Items from a data source
Segment Open

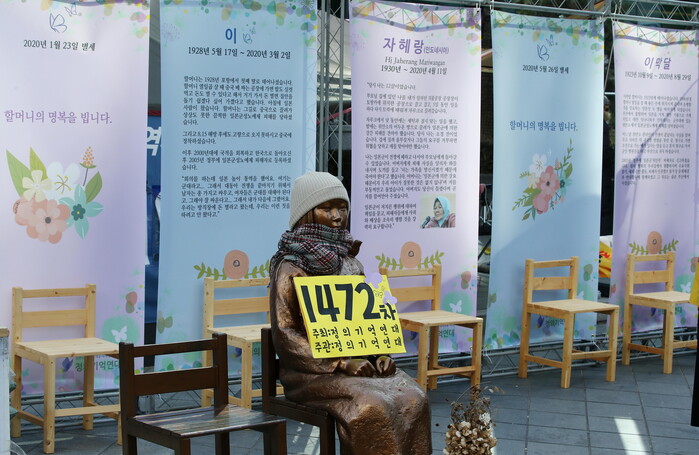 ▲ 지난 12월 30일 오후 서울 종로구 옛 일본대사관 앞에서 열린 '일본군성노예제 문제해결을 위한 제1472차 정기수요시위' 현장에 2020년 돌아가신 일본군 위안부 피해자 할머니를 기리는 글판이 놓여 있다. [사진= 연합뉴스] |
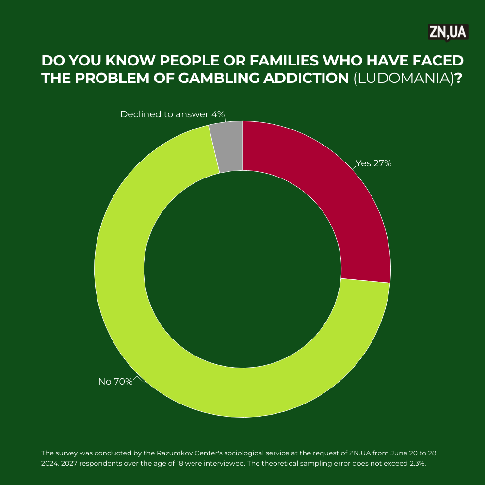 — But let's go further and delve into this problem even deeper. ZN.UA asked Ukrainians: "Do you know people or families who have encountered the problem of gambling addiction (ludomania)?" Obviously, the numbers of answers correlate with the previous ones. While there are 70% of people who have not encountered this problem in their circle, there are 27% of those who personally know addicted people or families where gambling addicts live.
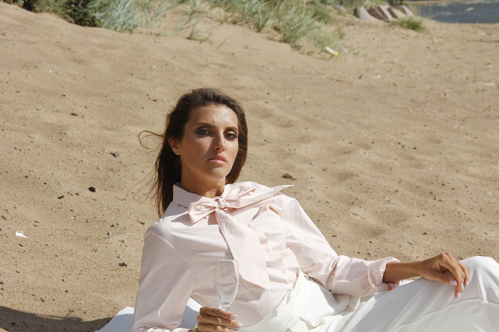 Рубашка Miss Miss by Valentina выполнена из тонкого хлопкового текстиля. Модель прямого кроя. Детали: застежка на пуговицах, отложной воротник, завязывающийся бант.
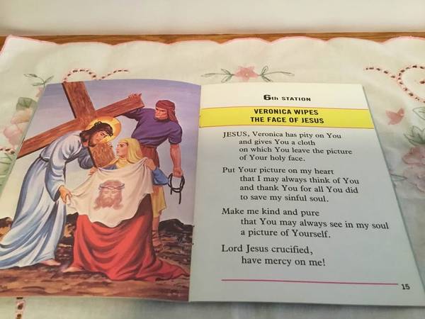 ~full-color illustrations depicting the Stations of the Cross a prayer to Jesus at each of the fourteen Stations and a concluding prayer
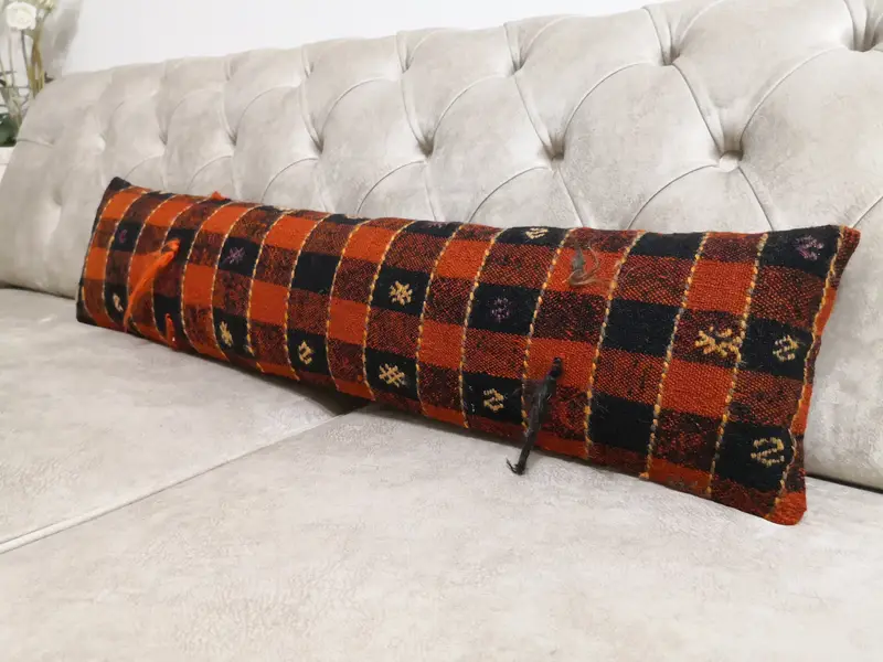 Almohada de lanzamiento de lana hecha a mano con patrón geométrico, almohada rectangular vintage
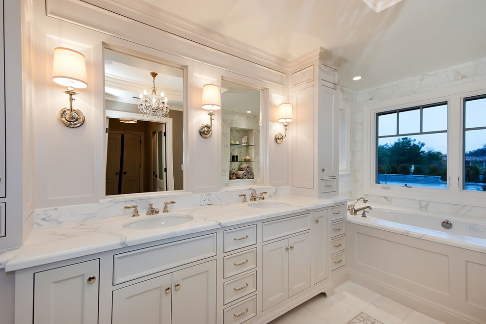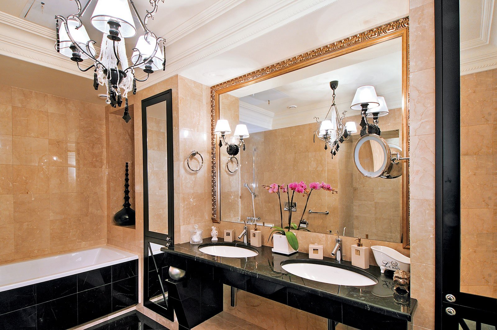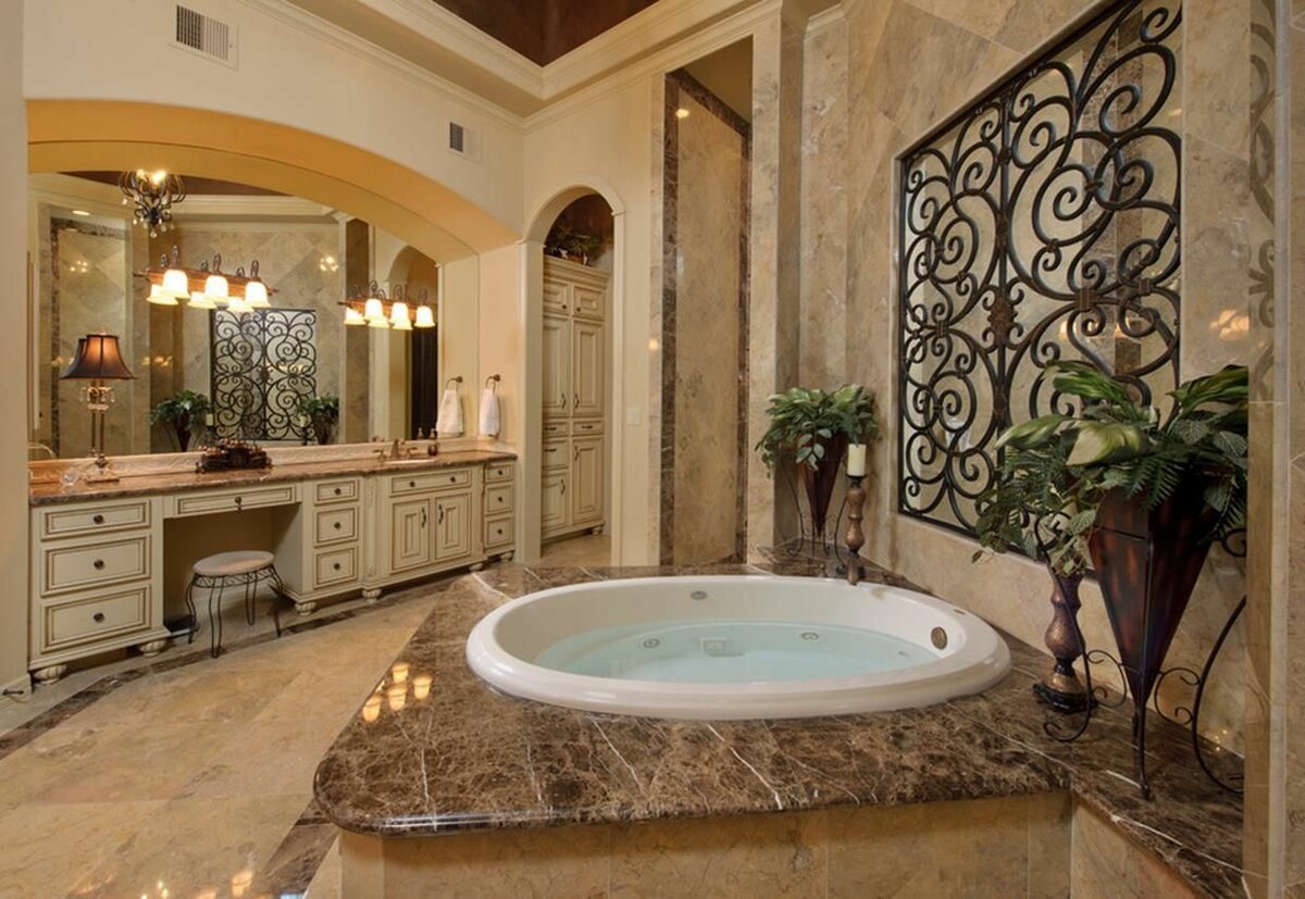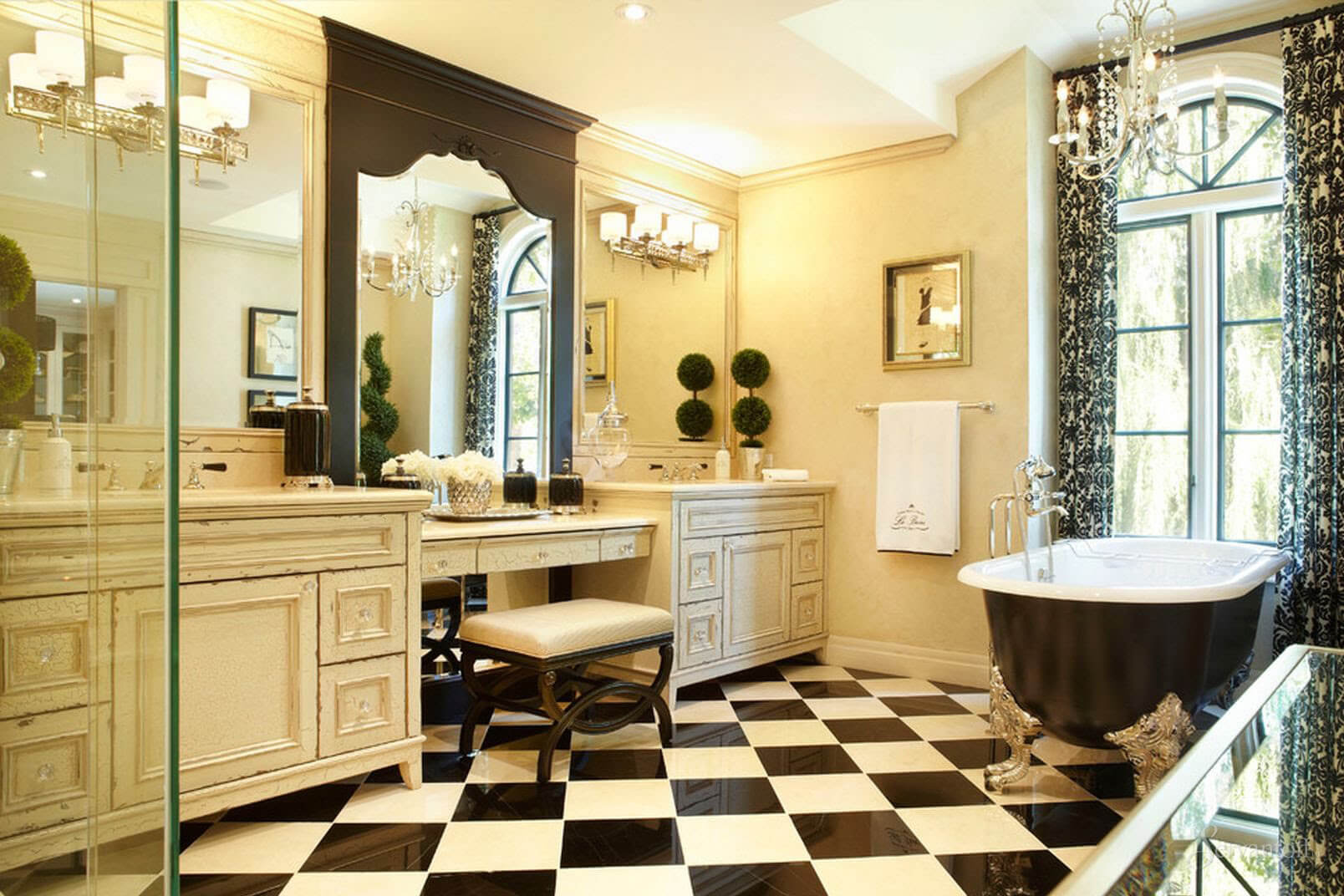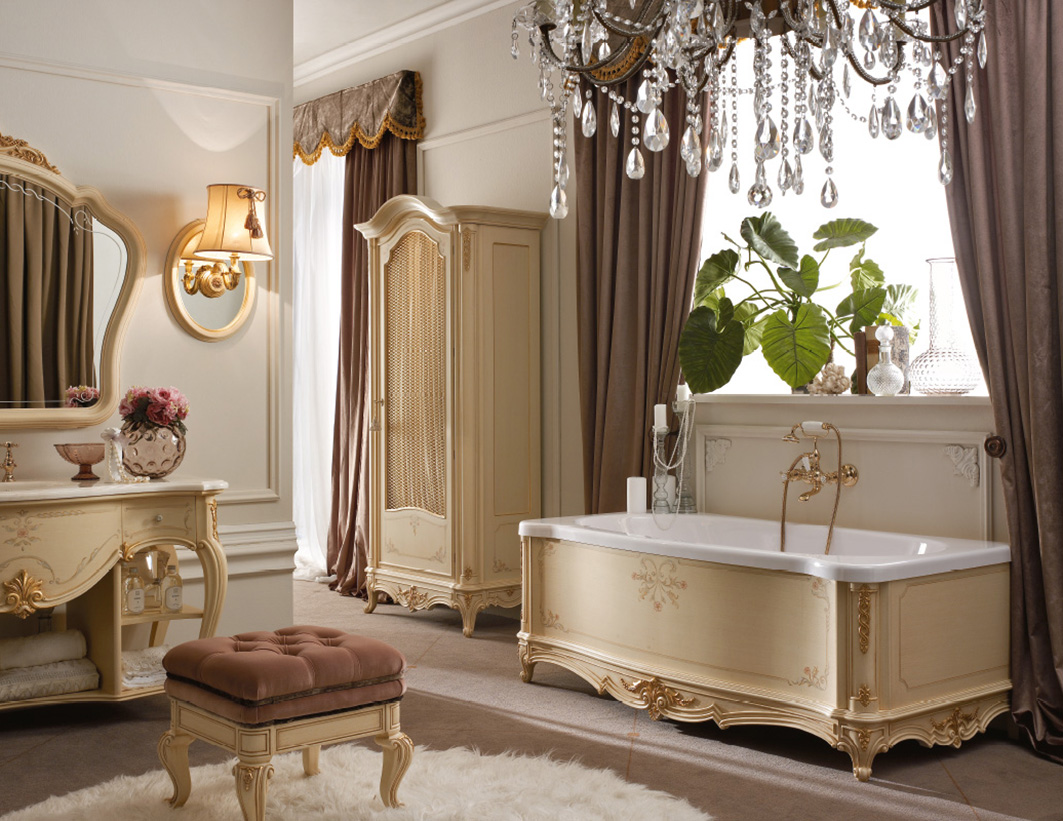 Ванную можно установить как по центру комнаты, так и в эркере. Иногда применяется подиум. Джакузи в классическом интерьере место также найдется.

Segment Closed

*Work item:*
Leave the pictures out and reproduce all of the records exactly.

*Task result:*
 ▲ 지난 12월 30일 오후 서울 종로구 옛 일본대사관 앞에서 열린 '일본군성노예제 문제해결을 위한 제1472차 정기수요시위' 현장에 2020년 돌아가신 일본군 위안부 피해자 할머니를 기리는 글판이 놓여 있다. [사진= 연합뉴스] |
 — But let's go further and delve into this problem even deeper. ZN.UA asked Ukrainians: "Do you know people or families who have encountered the problem of gambling addiction (ludomania)?" Obviously, the numbers of answers correlate with the previous ones. While there are 70% of people who have not encountered this problem in their circle, there are 27% of those who personally know addicted people or families where gambling addicts live.
 Рубашка Miss Miss by Valentina выполнена из тонкого хлопкового текстиля. Модель прямого кроя. Детали: застежка на пуговицах, отложной воротник, завязывающийся бант.
 ~full-color illustrations depicting the Stations of the Cross a prayer to Jesus at each of the fourteen Stations and a concluding prayer
 Almohada de lanzamiento de lana hecha a mano con patrón geométrico, almohada rectangular vintage
 Ванную можно установить как по центру комнаты, так и в эркере. Иногда применяется подиум. Джакузи в классическом интерьере место также найдется.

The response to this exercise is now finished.